- _Supplied information_:
▼▼▼

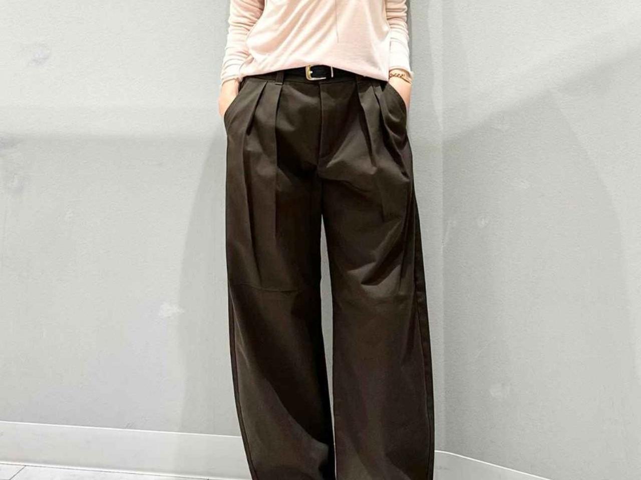 公式サイトで「ベストセラー」と紹介されている、こちらのタックパンツ。内側に向けてタックを入れることによって腰まわりが広がりにくいうえ、縦のラインを強調してくれるのが魅力です。太ももから裾に向けて緩やかにカーブを描くバレルシルエットも、足のラインをカバー。キレイめにもカジュアルにも振れるから、ヘビロテ待ったなしかも。
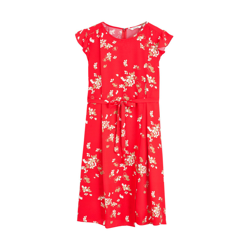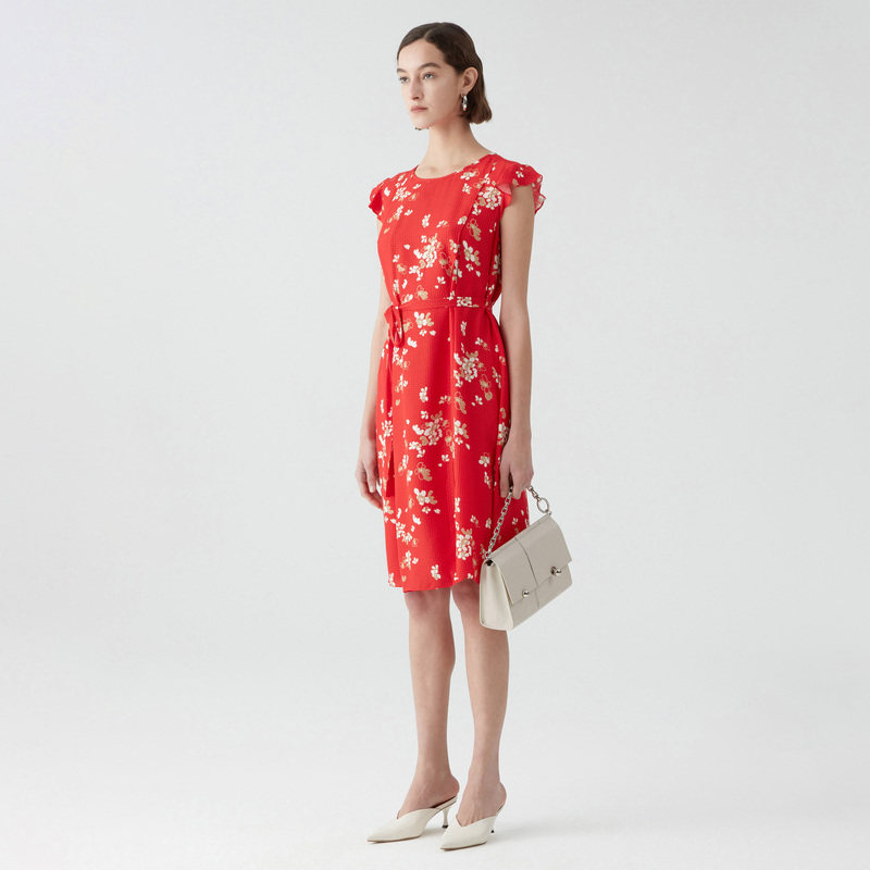新红色碎花桑蚕丝连衣裙裙子 玛丝菲尔夏季由
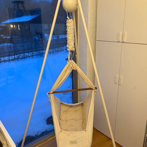 Fin slyngevugge med fladt liggeunderlag. Sælges da baby er blevet for stor til den.
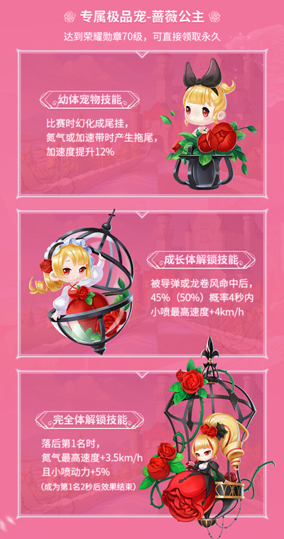 美丽的蔷薇含苞待放,可爱的极品萌宠蔷薇公主也将来临,当车手们达到荣耀勋章70级就可以领走这只可爱的小仙子咯!

▲▲▲

- _Work instruction_:
From the line containing "Fin slyngevugge med" down to the final line of the listing above, write out only those lines exactly as they are, minus the pictures.

- _Reply to the exercise_:
 Fin slyngevugge med fladt liggeunderlag. Sælges da baby er blevet for stor til den.
 美丽的蔷薇含苞待放,可爱的极品萌宠蔷薇公主也将来临,当车手们达到荣耀勋章70级就可以领走这只可爱的小仙子咯!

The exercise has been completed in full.